Configurations¶
Model's Components¶
At its core, InaCAWO consists of three numerical models, e.g. WRF (Weather Research and Forecasting), SWAN (Simulating Wave Nearshore), and ROMS (Regional Ocean Modelling System). The 3-way coupled forecast system is presently fully operational running the COAWST (Coupled-Ocean-Atmosphere-Wave-Sediment Transport) Modeling System on the BKMG HPC.
During the parallel execution, InaCAWO allows the direct exchange of critical metocean surface data between the models (shown in Figure 1 below). That is, each model is “aware of” and concurrently responds to the other models, much as these processes occur in nature. This is done through a Model Coupling Toolkit (MCT).

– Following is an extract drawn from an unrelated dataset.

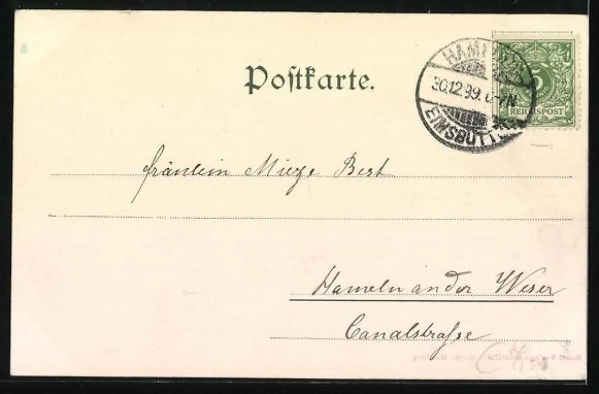 alte Ansichtskarte, gelaufen 1899, guter Zustand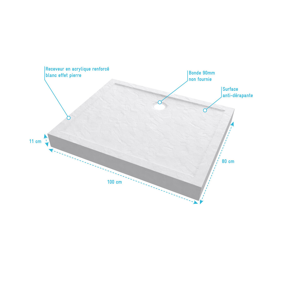 Caractéristiques du produit : Receveur en acrylique renforcé blanc effet pierre Bonde 90mm non fournie Surface anti-dérapante Dimensions du receveur : 100x80x11 cm Garantie 2 ans pièces uniquement Cocorico ! MyShowerRoom est une entreprise Française et toute la conception de nos produits est également Française. Ce qui est un véritable plus pour être au plus près de ses clients et avoir une meilleure connaissance de leurs attentes. Qui sommes nous L’HISTOIRE DE MYSHOWERROOM Nous avons créé MyShowerRoom en 2003 avec l’ambition de démocratiser le design et l’innovation dans la salle de bain pour faire de cette pièce un lieu à part entière, un véritable lieu d’histoires à vivre pour toute la famille. Nos cabines de douche et meubles de salle de bain dans l’ère du temps à des tarifs très accessibles. Nos nombreux brevets garantissent l’originalité de notre gamme de cabines de douches. Et nos ingénieurs mettent en œuvre tout leur savoir-faire et toutes les technologies innovantes au service d’une simplicité d’installation et d’utilisation incomparable pour tous. ÊTRE BIENVEILLANT AVEC NOS CLIENTS Notre service client a un objectif : rendre nos clients heureux. Pour cela nous veillons à répondre dans les 24h aux demandes clients. Mais aussi de toujours apporter une solution et entière satisfaction à nos clients. CONSTRUIRE DES PRODUITS TOUJOURS PLUS PERFORMANTS Nos ingénieurs, ainsi que nos équipes terrain consacrent tous leurs efforts à créer des produits adaptés à vos besoins, et toujours plus innovants grâce à nos technologies. Notre objectif est d’être votre unique interlocuteur pour tous vos projets de salle de bain. CONCRÉTISER LES RÊVES DE CHACUN Un projet de salle de bain ? Nous le réalisons ! Lieu de détente et de relaxation par excellence, la salle de bain est une des pièces maîtresse de la maison. Chez MyShowerRoom, nous mettons tout en oeuvre afin que ce rêve devienne réalité. PROPOSER UNE GAMME COMPLÈTE DE PRODUITS Nous vous proposons grâce à notre boutique en ligne une gamme complète de produits Made in MyShowerRoom pour équiper, et accessoiriser votre salle de bain. Un catalogue que nous renouvelons régulièrement avec les dernières technologies MyShowerRoom. APPORTER UNE EXPERTISE HUMAINE Parce que l’humain passe avant tout, nous travaillons avec les meilleurs experts. La satisfaction de nos clients est notre seule et unique priorité. Chaque problème a une solution, et c’est dans cette optique que nous avons mis en place un chat pour échanger directement avec nos équipes. NOTRE CENTRE LOGISTIQUE 11 000 m² d’entrepôt 7000 palettes en stock 1 800 colis traités par jour Plus de 260 préparations de commandes quotidiennes 12 quais de chargement/déchargement CONSEILS & VENTES Une équipe disponible 5 jours sur 7 pour vous accompagner dans vos achats. LIVRAISON GRATUITE Pour toute commande sur le site MyShowerRoom, la livraison est gratuite dans toute la France. UNE GARANTIE DE QUALITÉ Grâce à nos produits brevetés vous bénéficiez de produits uniques. Référence produit: FAC308 Retrouvez plus d'informations produit et des conseils de montage sur le site Aurlane. Remarques importantes: Ces colis sont volumineux, la livraison est effectuée par transporteur spécialisé en bas de chez vous. Les chauffeurs ne sont pas habilités à porter la marchandise, mais uniquement à la décharger. Pas de livraison à l'étage. L'adresse de livraison doit être accessible en camion poids lourd. Dans le cas contraire la marchandise sera mise à disposition au dépôt le plus proche (distance non garantie). Les rendez-vous sont gérés directement par les transporteurs. Attention à bien contrôler la marchandise à réception pour éviter tous litiges.

Geographical Extent and Grid Spacing¶
A high-resolution (0.25deg, approximately 3-km) is covering Indonesia region (90-145E & 15S-15N) serve as the domain of the InaCAWO model. Within this domain, there are 1130 latitudinal “rows” and 2040 longitudinal “columns” that constitute a single 2D slice of the domain, amounting to 2,305,000 compute points per 2 dimensional (2D) slab per variable.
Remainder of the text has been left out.